Brigadier-General Claude Berners Westmacott CBE (28 October 1865 – 15 March 1948) was a British Army officer who served his country for over thirty years, fighting in the Second Boer War and the First World War.

==Early life==
Claude Berners Westmacott was born on 28 October 1865 at Wickham, County Durham, to Percy Graham Buchanan Westmacott and Annette Beatrice (née Berners). He received his initial education at Eton College.

==Early military career==
On 5 May 1888, Westmacott was transferred from the 3rd (Militia) Battalion, Northumberland Fusiliers (later the Royal Northumberland Fusiliers), and was gazetted as a second lieutenant into the Worcestershire Regiment, subsequently joining the 1st Battalion, Worcesters, in India. He was promoted to lieutenant in December 1889 and appointed adjutant of the battalion in November 1892, a position he held for the next four years.
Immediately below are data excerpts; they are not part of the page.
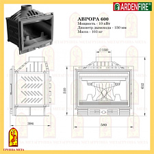 Центральный металлический камин с 4-я дверцами. Дрова: 40 см.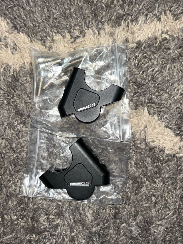 Soportes de manillar para moto en color negro. Incluyen tornillería. - Fabricados en aluminio. - Diseño robusto. - Logo grabado.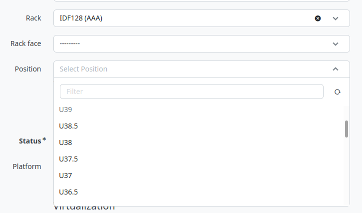 Netbox supports half rack units ss of 3.3.0,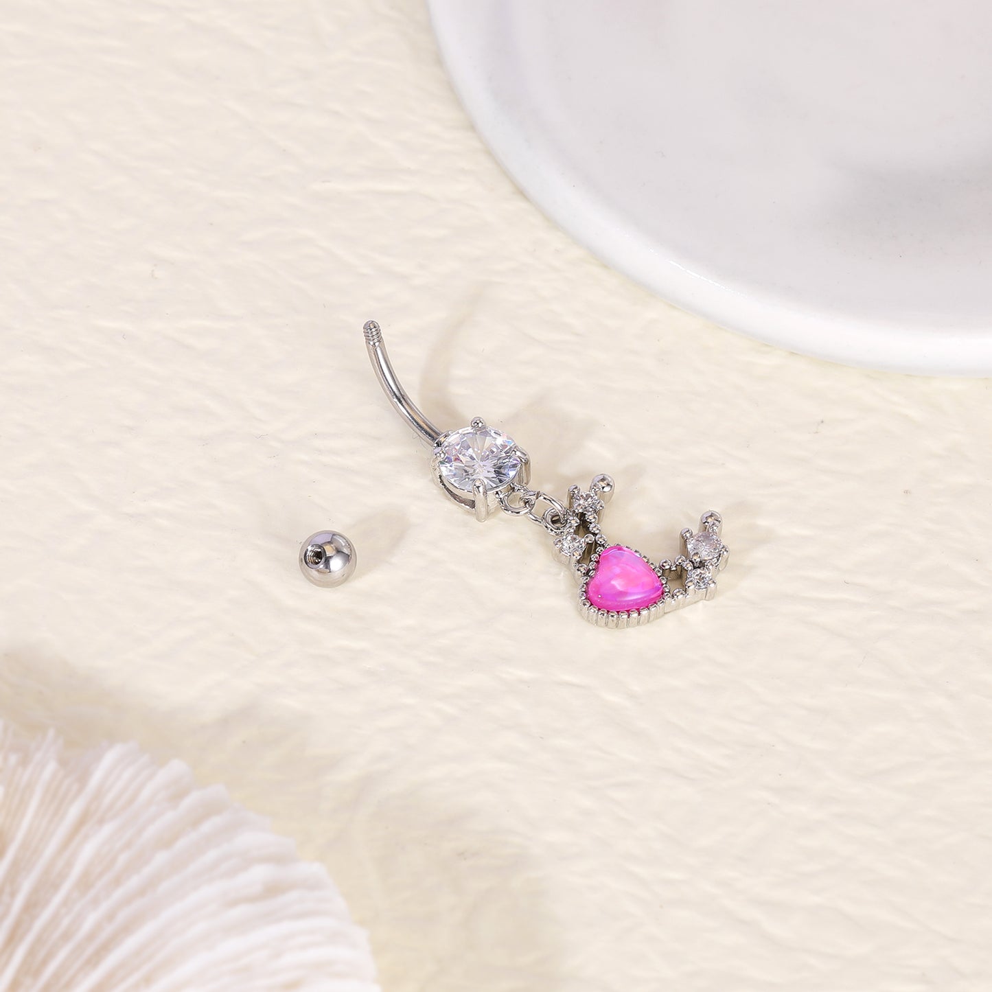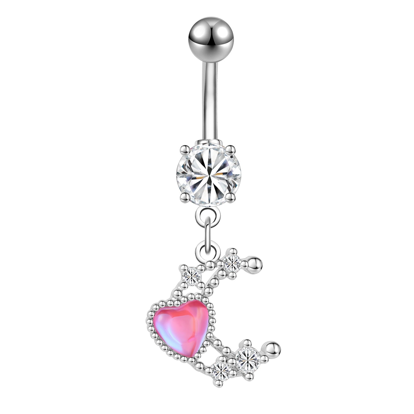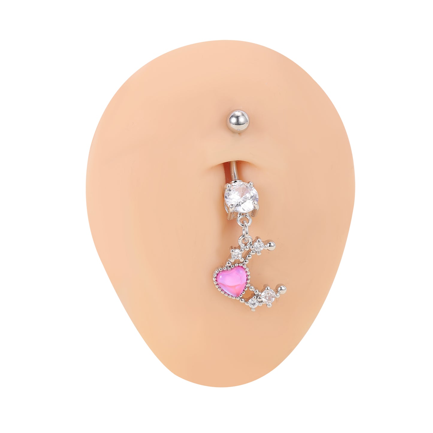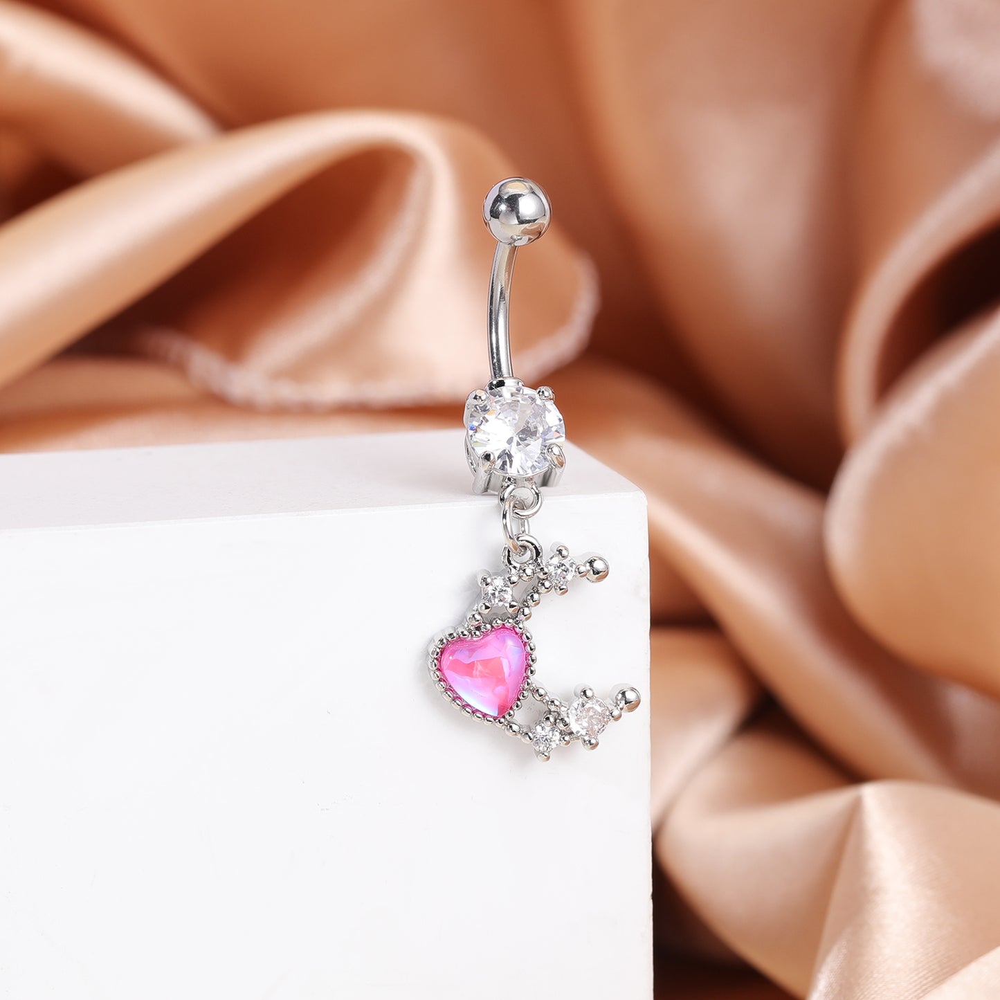 14G Moon Dangle Belly Navel Rings Red Heart Zirconia Belly Button Rings

In December 1896, he was promoted to captain and remained with the 1st Worcesters in India until August 1898, when he returned home to assume the role of adjutant of the 4th (Militia) Battalion, Worcesters, which later became the 6th Battalion in February 1900. He held this position for five years, during which time he served in South Africa during the Second Boer War with the battalion, earning a medal with two clasps and being mentioned in dispatches in July 1902.

He then rejoined the 1st Battalion in Templemore and was promoted to major on 14 February 1904, remaining with the 1st Battalion until he took command of the regimental depot in 1906.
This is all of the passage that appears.